Read said. “You did absolutely nothing wrong.”

  “They are looking to cover their backs internally by implying I was up to something, I reckon,” Hayes told Read. “I am nervous because I am in the dark.” Ainsworth also grew anxious.

  Read told them to chill. “You are both worriers, which is not the best combination in times like this,” he said.

  Once again, Read’s counsel turned out to be savvy. Having rung loud alarm bells, in a late-August phone call the Canadian bank’s head of compliance in London adopted a softer tone with his UBS counterpart. “I also had the clear impression that RBC . . . was, if not backtracking, at least playing down the severity of the seriousness of the issues,” a UBS employee wrote in a file note about the matter. The RBC man “confirmed that they would probably not have fired TH. One surmises that if UBS were to take significant action this may place RBC . . . in an uncomfortable position.” In other words, if UBS were to fire Hayes, RBC could end up with egg on its face. While Hayes hired a lawyer to represent him before the FSA, that turned out to be unnecessary: The regulator, living up to its light-touch reputation, took no action, opting to let the matter be handled internally by the banks.
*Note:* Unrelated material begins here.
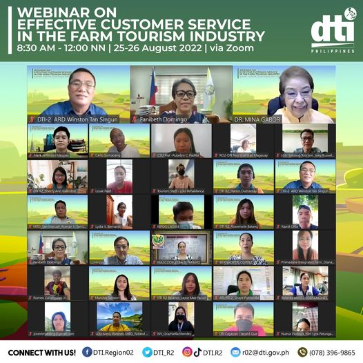 The Department of Trade and Industry (DTI) Region 2, in collaboration with the International School of Sustainable Tourism (ISST), successfully conducted Farm Tourism 110: Effective Customer Service on 25-26 August 2022, 8:30-12nn, via Zoom.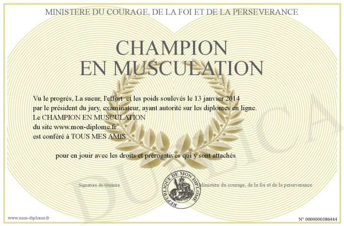 Envoyez par email votre CHAMPION EN MUSCULATION personalisé

  In a follow-up phone call a few weeks later with UBS, the RBC compliance executive concluded that Hayes “had not been openly underhand, but was in some respects perhaps young and naïve. RBC would have given him ‘a good bollocking’ and subjected him to enhanced supervision with the aim of making a better human being of him.” The RBC executive added that “they had no proof that this was down to deliberate dishonesty. It may have been that it was simply a poorly constructed model or even the result of inadvertent error.” RBC recommended that UBS subject Hayes to three to six months of enhanced oversight.